#### [Work to complete]
Please repeat every entry exactly as written, but skip the pictures.

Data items
[Start of section]

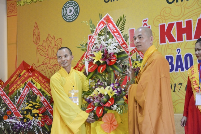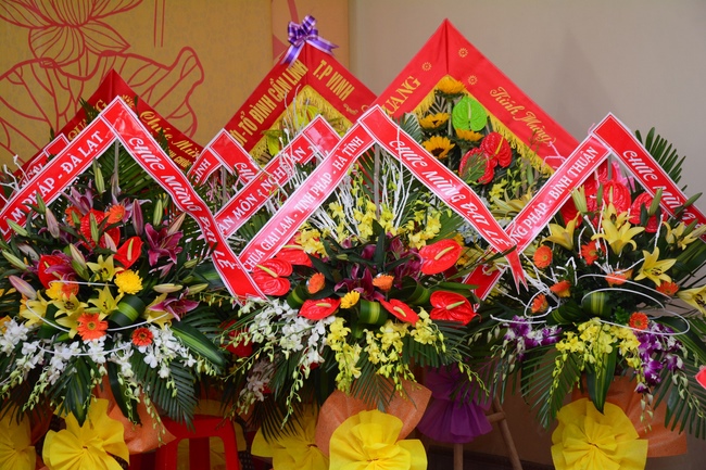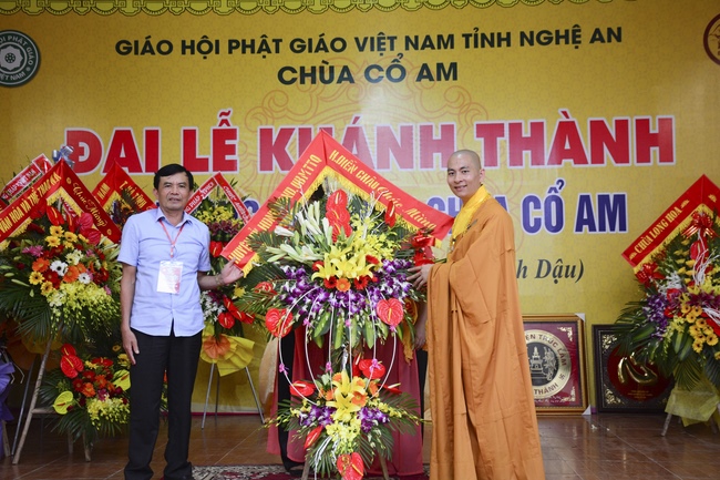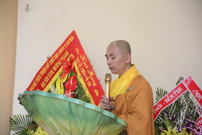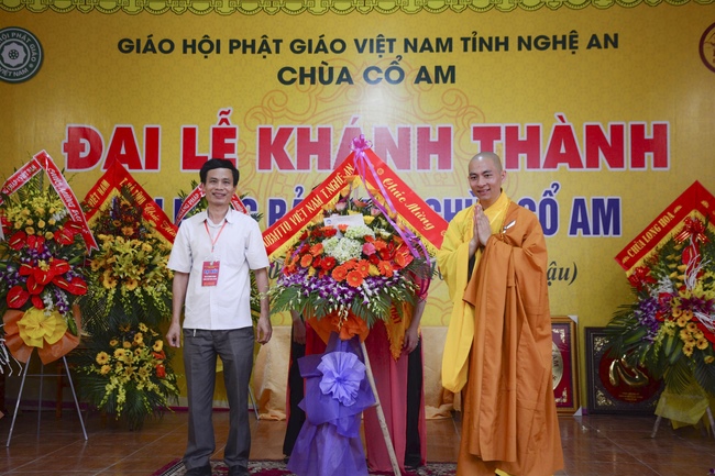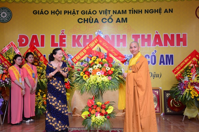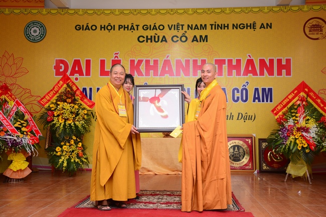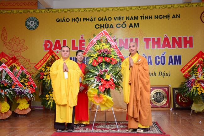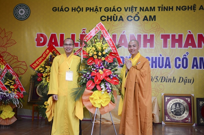 Congratulations to the inauguration of Co Am Temple, a large branch of Hoang Phap Pagoda in the North Central, Venerable Thich Tam Dao and Venerable Thich Tam Hoa. Congratulations, Venerable Thich Tam An has donated flower bouquets of Hoang Phap pagoda’s branches in the country and Venerable Thich Tam Truc, on behalf of overseas branches, donated flowers to congratulate the Abbot of the Pagoda.
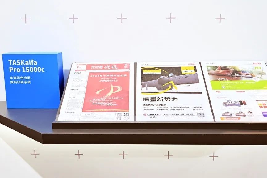 此次發布的京瓷TASKalfa Pro 15000c彩色噴墨數碼印刷系統今年剛剛布局亞洲市場,此次展會首次公開亮相。作為月負荷量可達百萬級的輕型印刷設備,這款機型主要面向數碼印刷行業中的短版印刷客戶群體。在本屆展會中,京瓷TASKalfa Pro 15000c彩色噴墨數碼印刷系統承擔了全印展日報打印輸出的工作,以實際應用方案展示其作為膠印或者輪轉設備的補充印量實力。配合京瓷自有技術打印頭以及水性顏料墨,出色地保障了高生產力下良好的圖像質量。
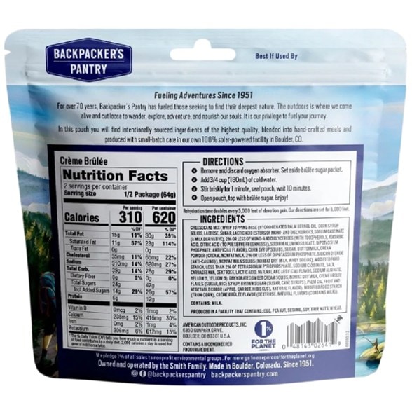 The Backpacker's Pantry Creme Brulee was a tasty treat that really did have a lot of that traditional Creme Brulee texture and flavor. Even the included crunchy sugar crystals mimicked a bit of a carmelized glaze. The taste and mouthfeel were both what you'd expect from such a dessert - just from a bag, instead. I did find it a bit challenging (even stirring vigorously) to get all of the powder and water thoroughly mixed. The pleats on the bag probably made this more challenging than anything, but still I encountered no unpleasant clumps of uncombined mix. The actually "cooking" couldn't be any easier, as you only need cold water - so, no heating is required. Some freshly filtered stream water would be a perfect source if out on the trail. I would strongly recommend that this be split amongst at least 2 diners - as it is exceedingly sweet. One person can choke it down, but it's a lot. If you're looking for most of the flavor of creme brulee - whether at home or on the trail - this will fit the bill and is pretty easy to boot.
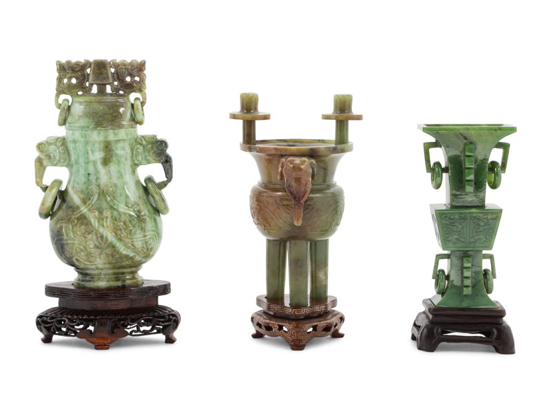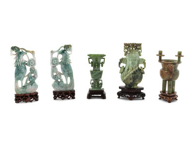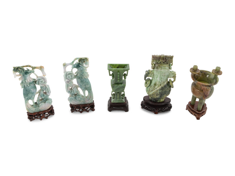 Five Chinese Spinach Jade and Hardstone Vessels
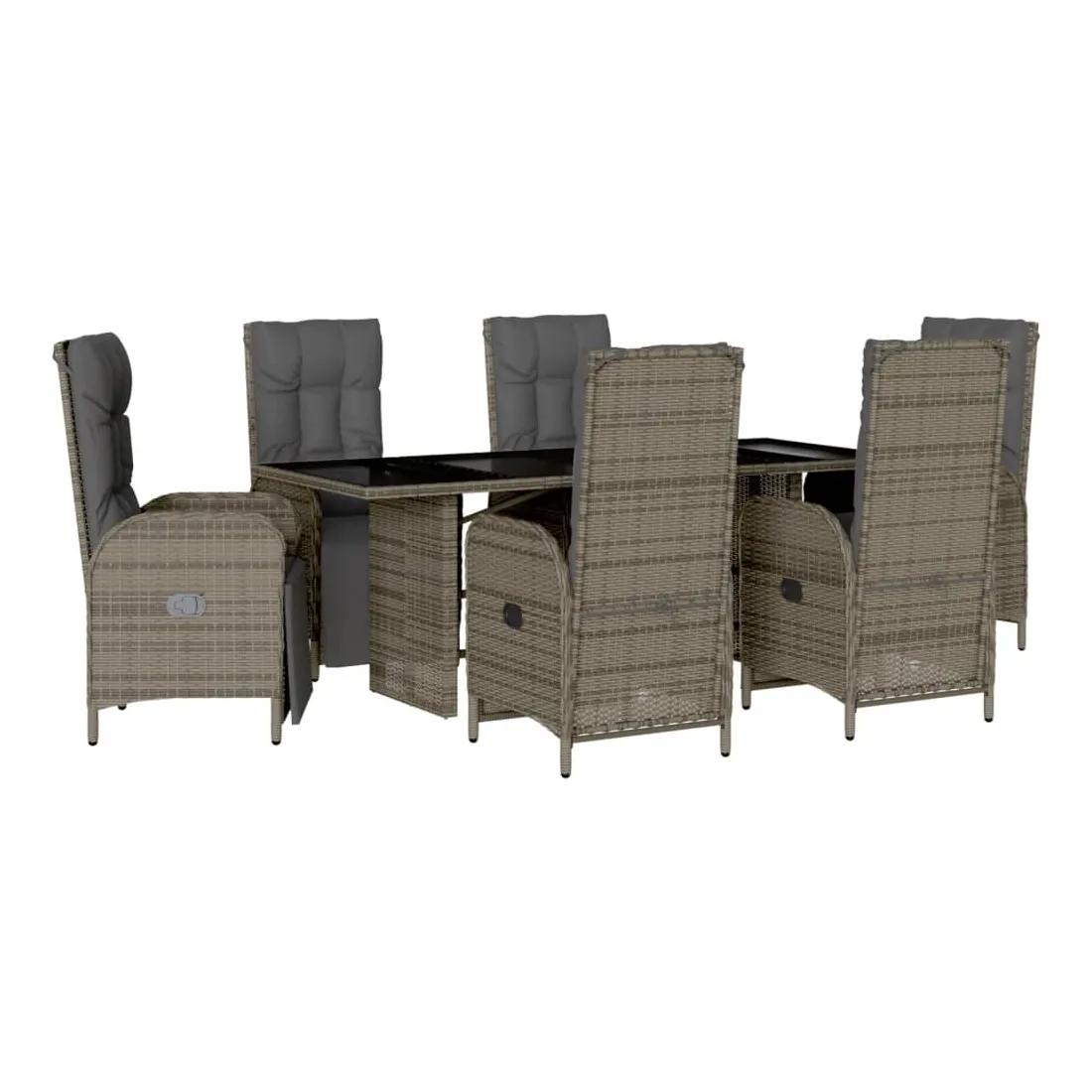 Cet ensemble de salle à manger de jardin est un excellent choix pour les repas en plein air ou pour vous détendre dans le jardin, l'arrière-cour ou le patio. Matériau durable : la résine tressée, également connue sous le nom de poly rotin, est un matériau synthétique solide et nécessitant peu d'entretien qui ressemble au rotin naturel. Il est léger, facile à nettoyer et couramment utilisé pour les meubles d'extérieur en raison de sa durabilité et de ses propriétés de résistance aux intempéries. Dossier réglable : ce siège de jardin est doté d'une poignée. Vous pouvez régler le dossier dans n'importe quelle position en tirant sur la poignée et le remettre rapidement dans sa position initiale.Dessus en verre : le dessus de la table d'extérieur est fabriqué en verre trempé solide et durable, ce qui le rend facile à nettoyer avec un chiffon humide et ajoute une touche d'élégance à votre espace extérieur. Expérience d'assise confortable : ce mobilier d'extérieur, doté de coussins épais, offre une expérience d'assise confortable. Housse amovible et lavable : ces coussins de siège sont dotés de housses amovibles pour un lavage et un entretien faciles. Bon à savoir :Pour que vos meubles d'extérieur restent beaux, nous vous recommandons de les protéger avec une housse imperméable.
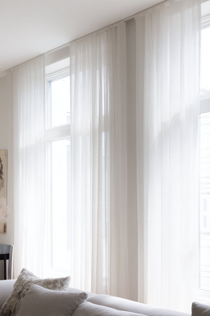 Visualize flowing, semi-transparent curtains in soft white or cream, billowing gently with a breeze. The light filters through, casting a warm, diffused glow across neutral walls and minimalist furniture. The fabric’s subtle texture adds a layer of softness, complementing the natural wood accents and textured rugs. The overall effect is a serene, luminous space that feels alive.
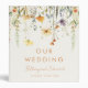 This design combines elegance and whimsy, pairing minimal modern text with a row of delicate watercolor wildflowers perfect for boho-inspired weddings.
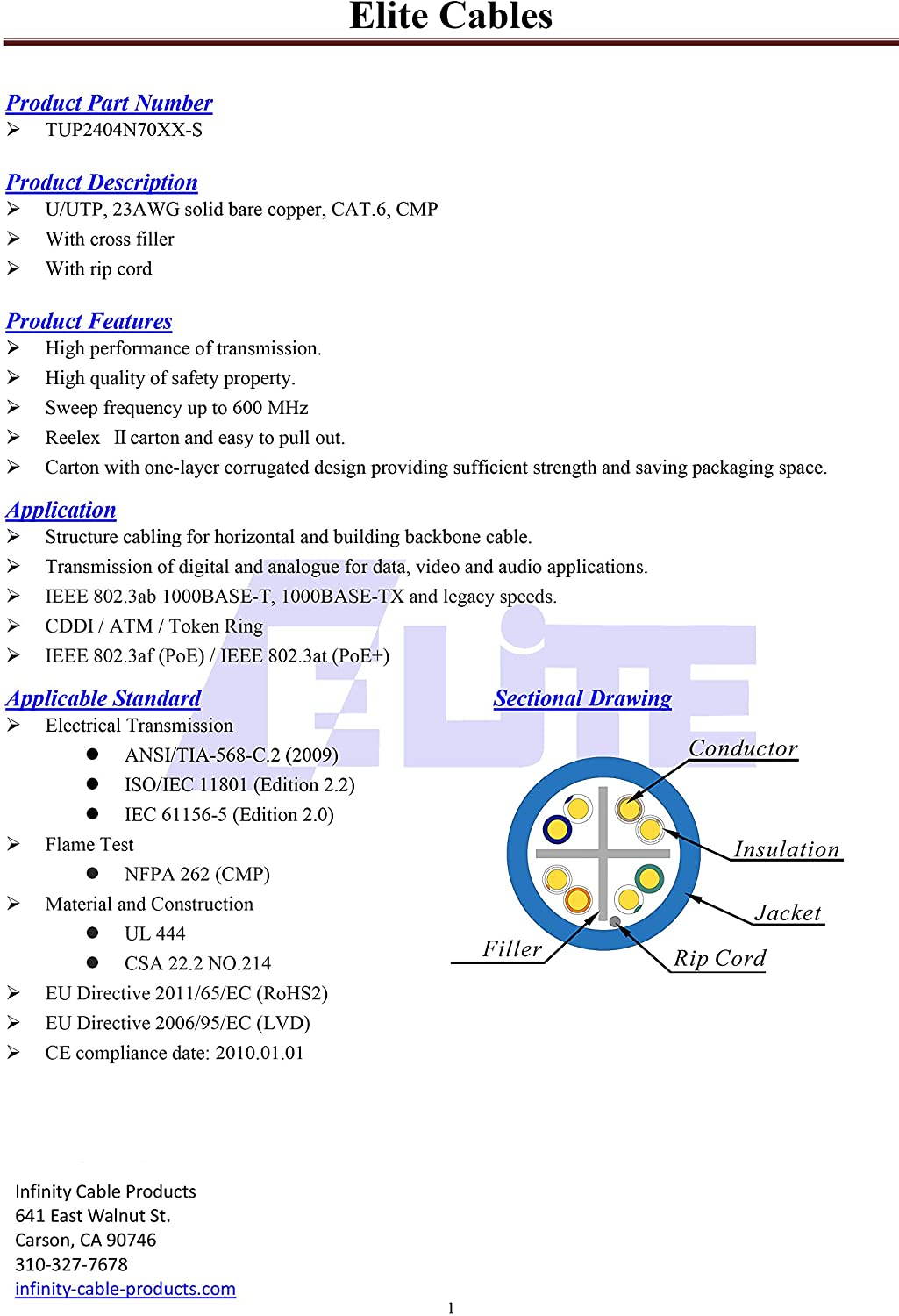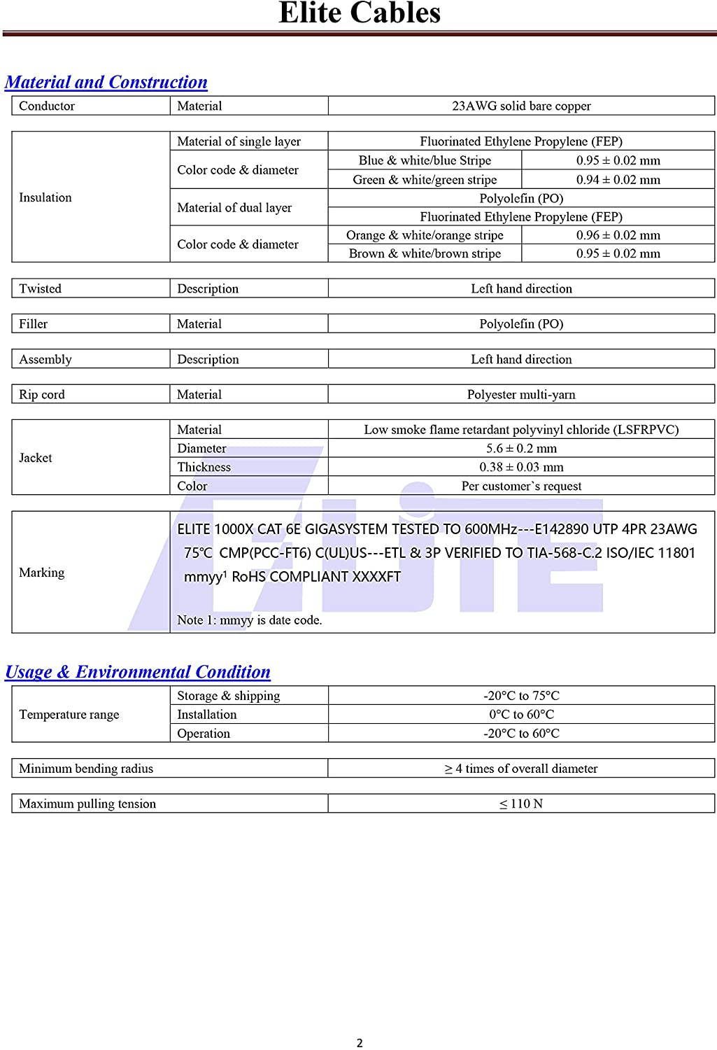 Elite Cat6e Plenum (CMP) Features

[End of section]

#### [Your solution]
 Congratulations to the inauguration of Co Am Temple, a large branch of Hoang Phap Pagoda in the North Central, Venerable Thich Tam Dao and Venerable Thich Tam Hoa. Congratulations, Venerable Thich Tam An has donated flower bouquets of Hoang Phap pagoda’s branches in the country and Venerable Thich Tam Truc, on behalf of overseas branches, donated flowers to congratulate the Abbot of the Pagoda.
 此次發布的京瓷TASKalfa Pro 15000c彩色噴墨數碼印刷系統今年剛剛布局亞洲市場,此次展會首次公開亮相。作為月負荷量可達百萬級的輕型印刷設備,這款機型主要面向數碼印刷行業中的短版印刷客戶群體。在本屆展會中,京瓷TASKalfa Pro 15000c彩色噴墨數碼印刷系統承擔了全印展日報打印輸出的工作,以實際應用方案展示其作為膠印或者輪轉設備的補充印量實力。配合京瓷自有技術打印頭以及水性顏料墨,出色地保障了高生產力下良好的圖像質量。
 The Backpacker's Pantry Creme Brulee was a tasty treat that really did have a lot of that traditional Creme Brulee texture and flavor. Even the included crunchy sugar crystals mimicked a bit of a carmelized glaze. The taste and mouthfeel were both what you'd expect from such a dessert - just from a bag, instead. I did find it a bit challenging (even stirring vigorously) to get all of the powder and water thoroughly mixed. The pleats on the bag probably made this more challenging than anything, but still I encountered no unpleasant clumps of uncombined mix. The actually "cooking" couldn't be any easier, as you only need cold water - so, no heating is required. Some freshly filtered stream water would be a perfect source if out on the trail. I would strongly recommend that this be split amongst at least 2 diners - as it is exceedingly sweet. One person can choke it down, but it's a lot. If you're looking for most of the flavor of creme brulee - whether at home or on the trail - this will fit the bill and is pretty easy to boot.
 Five Chinese Spinach Jade and Hardstone Vessels
 Cet ensemble de salle à manger de jardin est un excellent choix pour les repas en plein air ou pour vous détendre dans le jardin, l'arrière-cour ou le patio. Matériau durable : la résine tressée, également connue sous le nom de poly rotin, est un matériau synthétique solide et nécessitant peu d'entretien qui ressemble au rotin naturel. Il est léger, facile à nettoyer et couramment utilisé pour les meubles d'extérieur en raison de sa durabilité et de ses propriétés de résistance aux intempéries. Dossier réglable : ce siège de jardin est doté d'une poignée. Vous pouvez régler le dossier dans n'importe quelle position en tirant sur la poignée et le remettre rapidement dans sa position initiale.Dessus en verre : le dessus de la table d'extérieur est fabriqué en verre trempé solide et durable, ce qui le rend facile à nettoyer avec un chiffon humide et ajoute une touche d'élégance à votre espace extérieur. Expérience d'assise confortable : ce mobilier d'extérieur, doté de coussins épais, offre une expérience d'assise confortable. Housse amovible et lavable : ces coussins de siège sont dotés de housses amovibles pour un lavage et un entretien faciles. Bon à savoir :Pour que vos meubles d'extérieur restent beaux, nous vous recommandons de les protéger avec une housse imperméable.
 Visualize flowing, semi-transparent curtains in soft white or cream, billowing gently with a breeze. The light filters through, casting a warm, diffused glow across neutral walls and minimalist furniture. The fabric’s subtle texture adds a layer of softness, complementing the natural wood accents and textured rugs. The overall effect is a serene, luminous space that feels alive.
 This design combines elegance and whimsy, pairing minimal modern text with a row of delicate watercolor wildflowers perfect for boho-inspired weddings.
 Elite Cat6e Plenum (CMP) Features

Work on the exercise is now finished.